_Exercise directions_.
Your answer must hold only the lines below from the line containing "2013年1月18日,從全國" through the line containing "Fußmatte mit rutschhemmender", each reproduced exactly.

_Records for processing_.
┌──

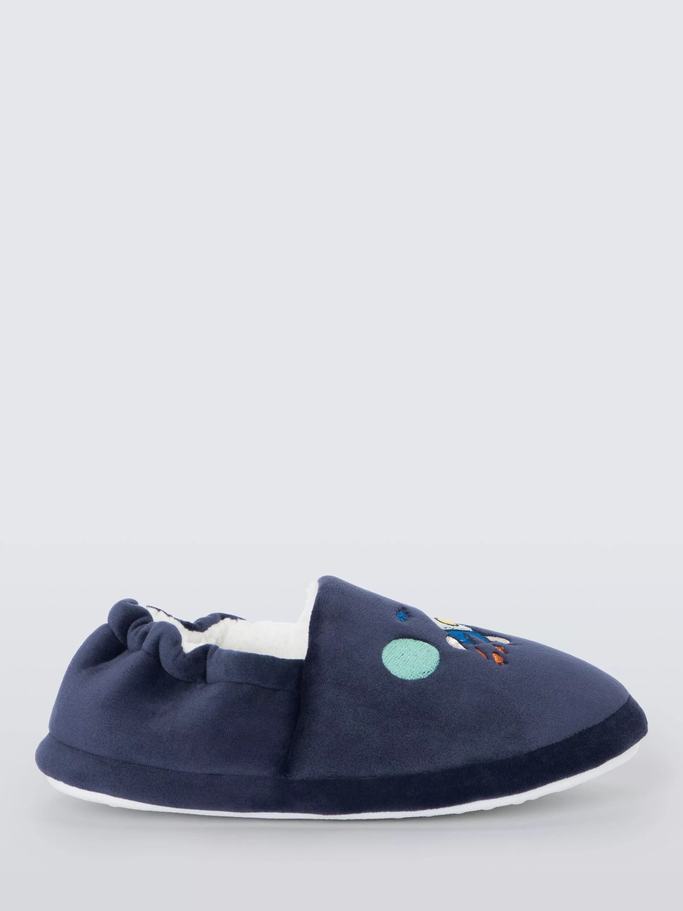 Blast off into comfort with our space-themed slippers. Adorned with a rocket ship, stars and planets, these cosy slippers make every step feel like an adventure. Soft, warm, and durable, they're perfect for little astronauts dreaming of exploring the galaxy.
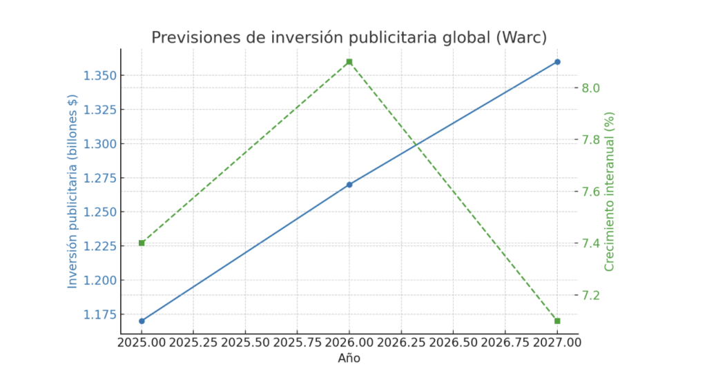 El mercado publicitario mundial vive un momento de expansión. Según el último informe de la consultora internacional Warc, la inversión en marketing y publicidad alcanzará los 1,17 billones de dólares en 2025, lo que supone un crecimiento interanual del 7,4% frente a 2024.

└──
┌──

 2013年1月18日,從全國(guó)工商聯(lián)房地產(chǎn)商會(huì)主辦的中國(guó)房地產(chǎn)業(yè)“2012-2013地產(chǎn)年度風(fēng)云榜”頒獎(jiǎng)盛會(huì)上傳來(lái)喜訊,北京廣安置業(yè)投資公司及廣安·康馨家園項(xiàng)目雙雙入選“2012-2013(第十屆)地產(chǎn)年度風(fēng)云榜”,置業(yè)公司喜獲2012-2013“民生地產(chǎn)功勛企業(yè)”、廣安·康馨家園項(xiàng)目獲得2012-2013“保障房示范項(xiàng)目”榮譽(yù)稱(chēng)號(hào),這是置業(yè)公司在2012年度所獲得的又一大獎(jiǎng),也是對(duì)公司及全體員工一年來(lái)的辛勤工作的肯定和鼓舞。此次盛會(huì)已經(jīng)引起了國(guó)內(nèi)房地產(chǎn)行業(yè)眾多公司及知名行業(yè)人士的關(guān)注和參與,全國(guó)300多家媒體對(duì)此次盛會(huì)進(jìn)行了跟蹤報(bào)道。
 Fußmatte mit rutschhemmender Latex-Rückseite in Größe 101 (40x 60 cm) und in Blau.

└──
┌──

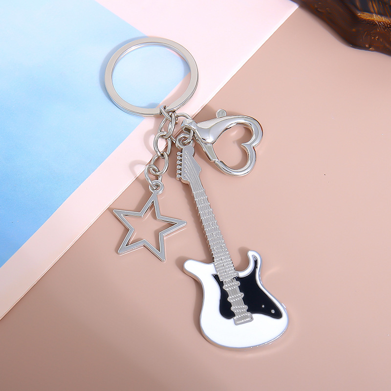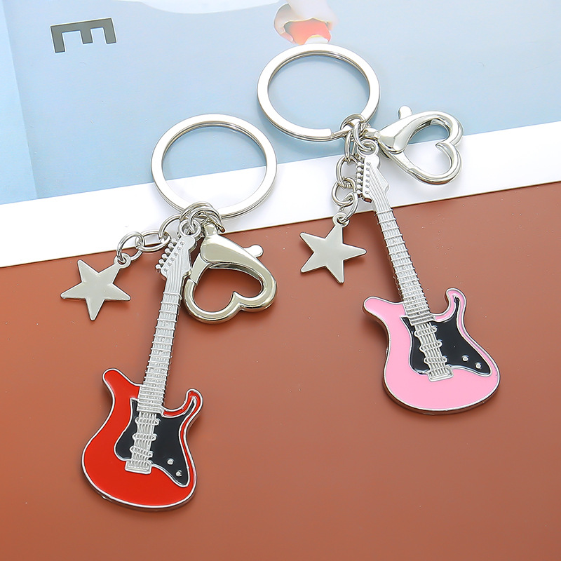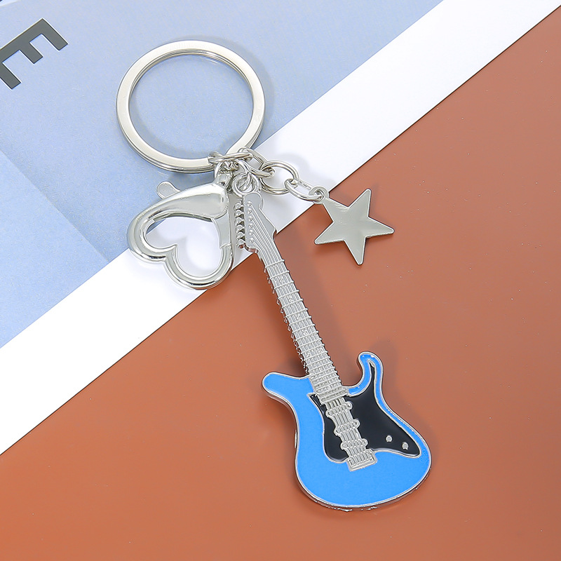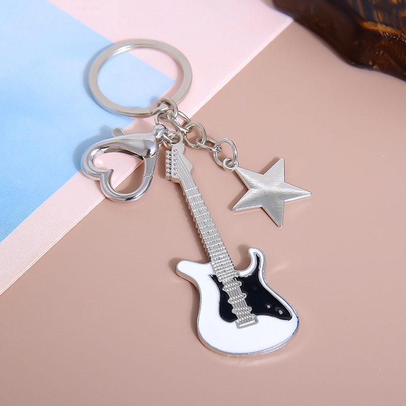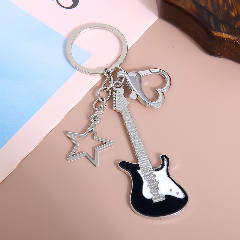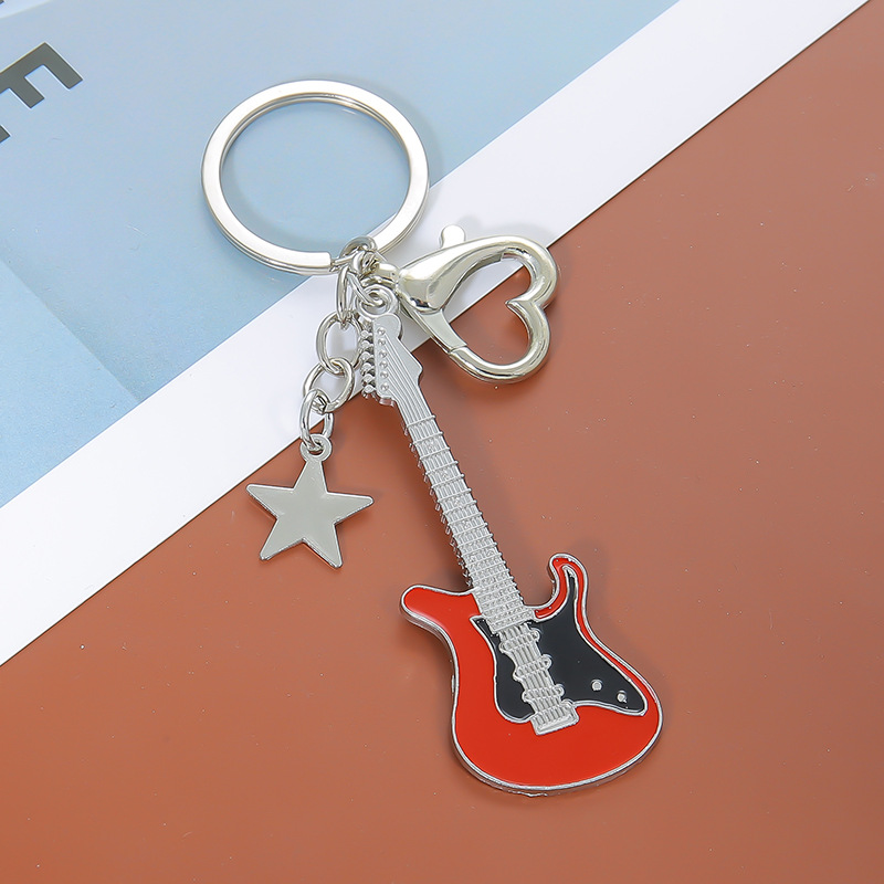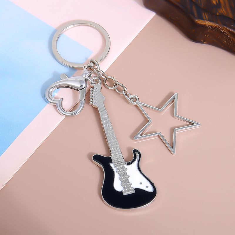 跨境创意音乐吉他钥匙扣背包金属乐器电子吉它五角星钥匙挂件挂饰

└──

_Solution for this task_.
 2013年1月18日,從全國(guó)工商聯(lián)房地產(chǎn)商會(huì)主辦的中國(guó)房地產(chǎn)業(yè)“2012-2013地產(chǎn)年度風(fēng)云榜”頒獎(jiǎng)盛會(huì)上傳來(lái)喜訊,北京廣安置業(yè)投資公司及廣安·康馨家園項(xiàng)目雙雙入選“2012-2013(第十屆)地產(chǎn)年度風(fēng)云榜”,置業(yè)公司喜獲2012-2013“民生地產(chǎn)功勛企業(yè)”、廣安·康馨家園項(xiàng)目獲得2012-2013“保障房示范項(xiàng)目”榮譽(yù)稱(chēng)號(hào),這是置業(yè)公司在2012年度所獲得的又一大獎(jiǎng),也是對(duì)公司及全體員工一年來(lái)的辛勤工作的肯定和鼓舞。此次盛會(huì)已經(jīng)引起了國(guó)內(nèi)房地產(chǎn)行業(yè)眾多公司及知名行業(yè)人士的關(guān)注和參與,全國(guó)300多家媒體對(duì)此次盛會(huì)進(jìn)行了跟蹤報(bào)道。
 Fußmatte mit rutschhemmender Latex-Rückseite in Größe 101 (40x 60 cm) und in Blau.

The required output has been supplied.